> **Source data**
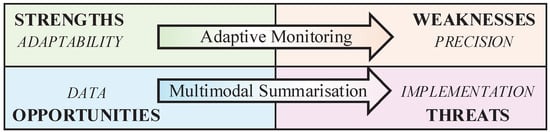 Concerning Q2 on necessary advancements, data privacy and storage threats must be addressed directly with a solution that enables consistently better and more reliable results. One possible solution lies in multi-sensor analysis, which could eliminate the need to store individual sensor data (either on devices or in the cloud). This solution involves multimodal summarisation, which combines multi-sensor analysis with the selective retention of only those data vectors that are significant for a given monitoring task. Similarly, weaknesses related to precision should be addressed by building solutions based on the adaptability of smartphones. Specifically, smartphones offer a unique opportunity to implement a hybrid approach that complements passive monitoring with ad hoc user engagement to fill data gaps and ground the analysis in user insights (adaptive monitoring). What emerges is a two-fold strategy (summarised in Figure 3) that uses strengths and opportunities to overcome the evident weaknesses and threats to smartphone-based passive monitoring.
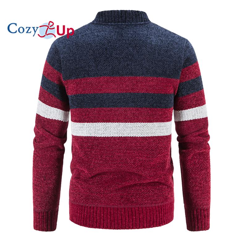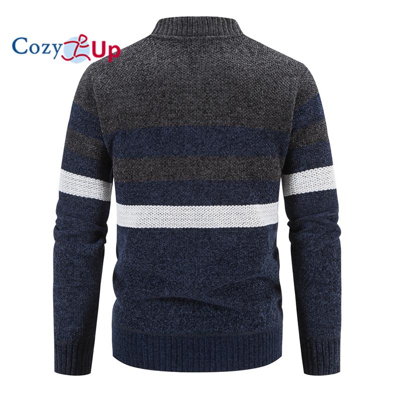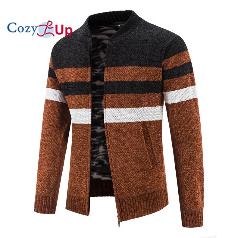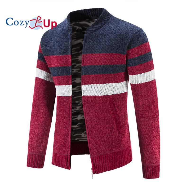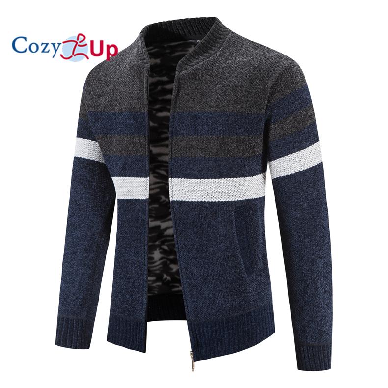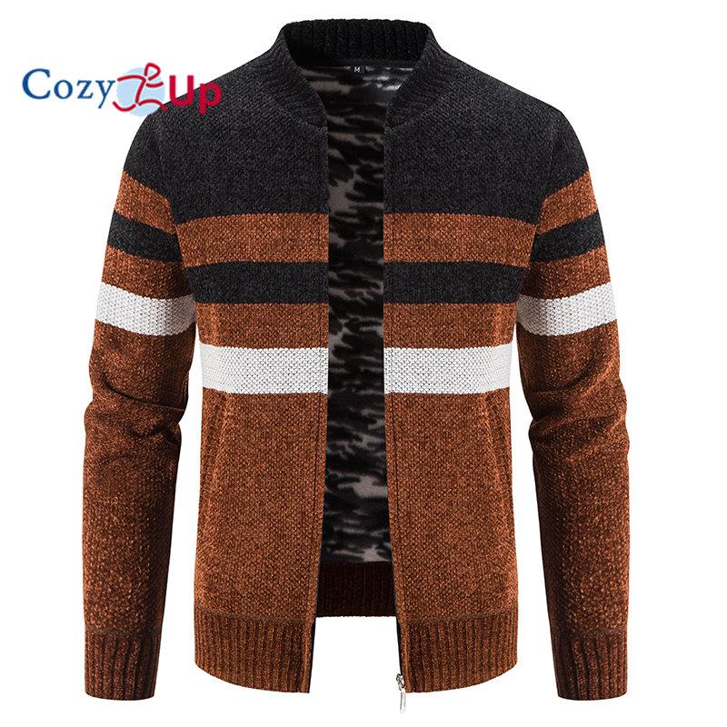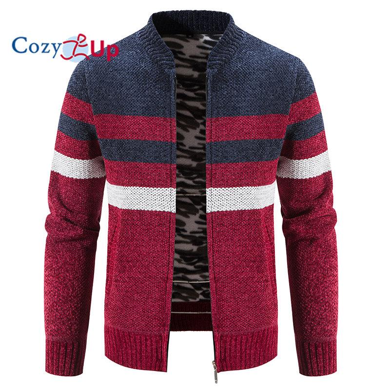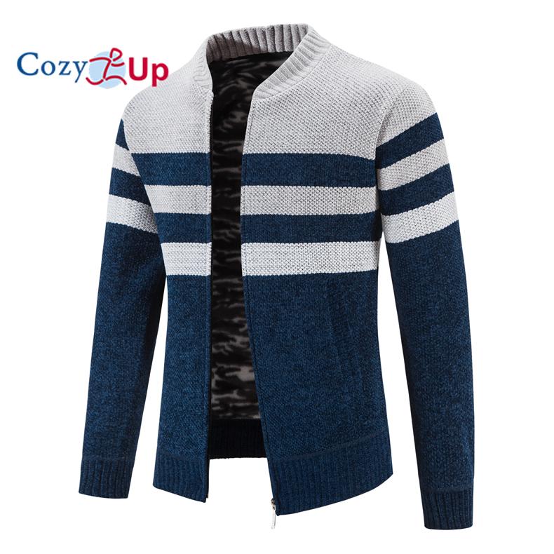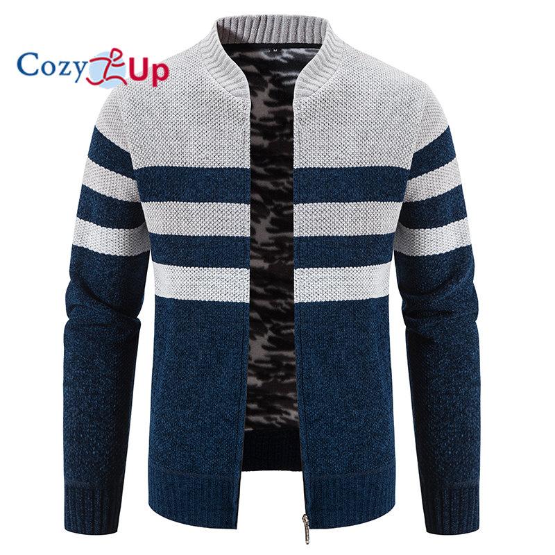 Cozy Up Мужской кардиган, свитер, ребристая вязка, молния, вязаный цветной воротник, воротник-стойка, теплые штаны, современная повседневная одежда
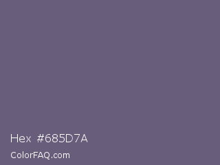 Hex #685d7a Color is a normal violet color and the nearest color is Dolphin #646077. Hex code #685d7a and RGB value is rgb(104,93,122). In RGB color space, this color is composed of 41% red, 36% green, 48% blue, In CMYK color space, this color is composed of 15% cyan, 24% magenta, 0% yellow , 52% black , In HSL color space, this color has a hue angle of 263° , 13% saturation and 42% lightness.
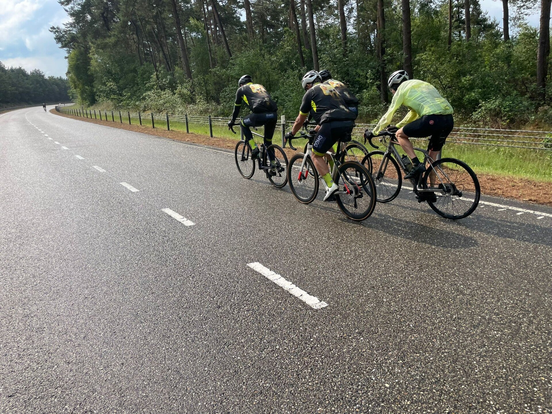 Met z’n achten keerden we huiswaarts richting Kuringen, rugwind mee langs het kanaal — en ja, de snelheidsmeters sloegen bijna tilt. Eenmaal aangekomen bij de Jail doken de meesten op de warme chocomelk, om weer wat gevoel in vingers en tenen te krijgen na een kletsnatte rit.
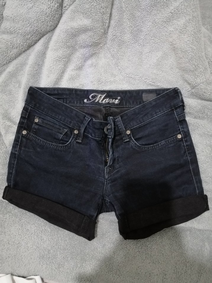 Düğmeli ön kısmı ve hafif batik desenli, siyah renkli, dar kesim kadın mini denim şort.
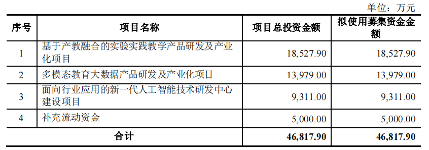 募投项目使用募资的具体金额也做出了对应调整。募集资金在扣除发行费用后将用于产教融合的实验实践教学产品研发及产业化项目、多模态教育大数据产品研发及产业化项目、面向行业应用的新一代人工智能技术研发中心建设项目以及补充流动资金。其中产教融合的实验实践教学产品研发及产业化项目占本次募集资金的39.57%。
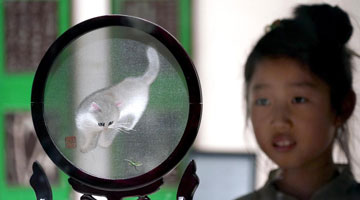 6月15日,在宁夏银川韩美林艺术馆,小朋友为大熊猫图案上色。
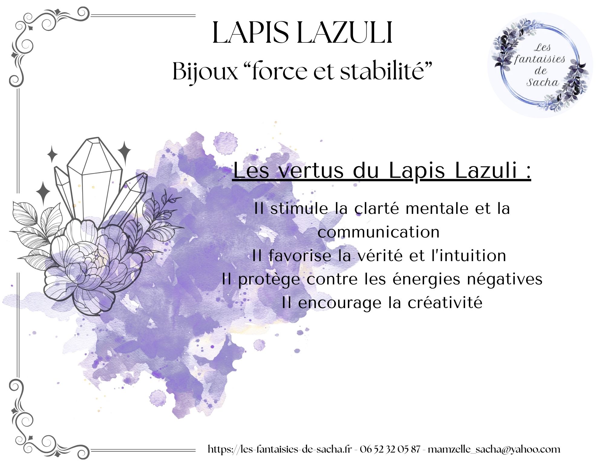 • Le Lapis Lazuli est une pierre de sagesse, de vérité et d’expression de soi.
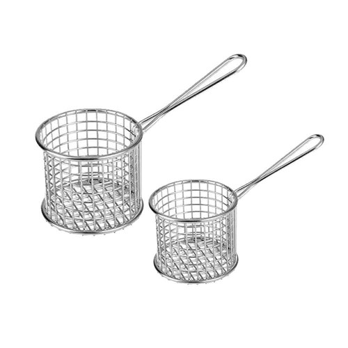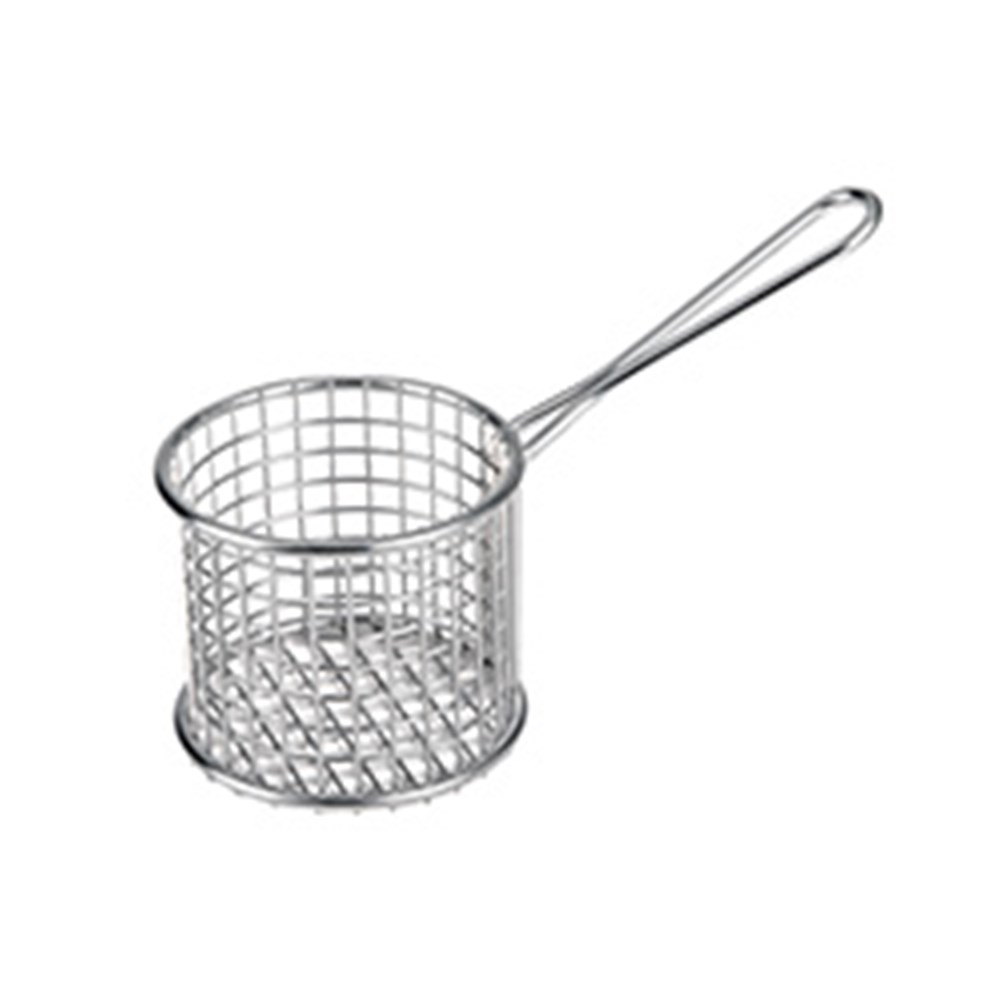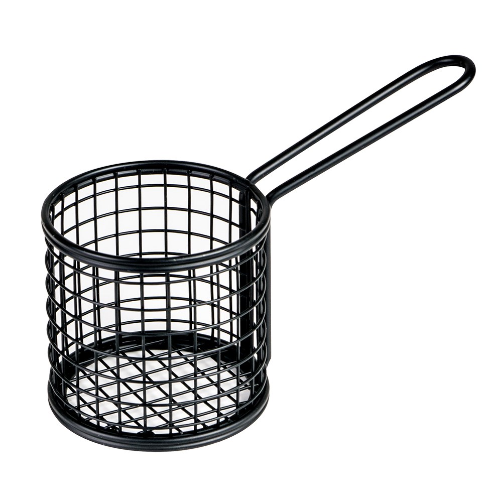 Lift your menu with our contemporary on-trend black Round Serving Baskets. Their extra-long handle allows for an easy-grip making it extremely easy to serve and use. Mimicking the style of a deep frying basket, these baskets are a popular favourite in a number of restaurant, cafes and hotels around the country and are a great place to side chips, wedges, nuggets and more! Add our greaseproof paper to complement your dish and bring it to life.

> **Exercise description**
Reproduce the material above in full, images excluded.

> **Solution to the problem**
 Concerning Q2 on necessary advancements, data privacy and storage threats must be addressed directly with a solution that enables consistently better and more reliable results. One possible solution lies in multi-sensor analysis, which could eliminate the need to store individual sensor data (either on devices or in the cloud). This solution involves multimodal summarisation, which combines multi-sensor analysis with the selective retention of only those data vectors that are significant for a given monitoring task. Similarly, weaknesses related to precision should be addressed by building solutions based on the adaptability of smartphones. Specifically, smartphones offer a unique opportunity to implement a hybrid approach that complements passive monitoring with ad hoc user engagement to fill data gaps and ground the analysis in user insights (adaptive monitoring). What emerges is a two-fold strategy (summarised in Figure 3) that uses strengths and opportunities to overcome the evident weaknesses and threats to smartphone-based passive monitoring.
 Cozy Up Мужской кардиган, свитер, ребристая вязка, молния, вязаный цветной воротник, воротник-стойка, теплые штаны, современная повседневная одежда
 Hex #685d7a Color is a normal violet color and the nearest color is Dolphin #646077. Hex code #685d7a and RGB value is rgb(104,93,122). In RGB color space, this color is composed of 41% red, 36% green, 48% blue, In CMYK color space, this color is composed of 15% cyan, 24% magenta, 0% yellow , 52% black , In HSL color space, this color has a hue angle of 263° , 13% saturation and 42% lightness.
 Met z’n achten keerden we huiswaarts richting Kuringen, rugwind mee langs het kanaal — en ja, de snelheidsmeters sloegen bijna tilt. Eenmaal aangekomen bij de Jail doken de meesten op de warme chocomelk, om weer wat gevoel in vingers en tenen te krijgen na een kletsnatte rit.
 Düğmeli ön kısmı ve hafif batik desenli, siyah renkli, dar kesim kadın mini denim şort.
 募投项目使用募资的具体金额也做出了对应调整。募集资金在扣除发行费用后将用于产教融合的实验实践教学产品研发及产业化项目、多模态教育大数据产品研发及产业化项目、面向行业应用的新一代人工智能技术研发中心建设项目以及补充流动资金。其中产教融合的实验实践教学产品研发及产业化项目占本次募集资金的39.57%。
 6月15日,在宁夏银川韩美林艺术馆,小朋友为大熊猫图案上色。
 • Le Lapis Lazuli est une pierre de sagesse, de vérité et d’expression de soi.
 Lift your menu with our contemporary on-trend black Round Serving Baskets. Their extra-long handle allows for an easy-grip making it extremely easy to serve and use. Mimicking the style of a deep frying basket, these baskets are a popular favourite in a number of restaurant, cafes and hotels around the country and are a great place to side chips, wedges, nuggets and more! Add our greaseproof paper to complement your dish and bring it to life.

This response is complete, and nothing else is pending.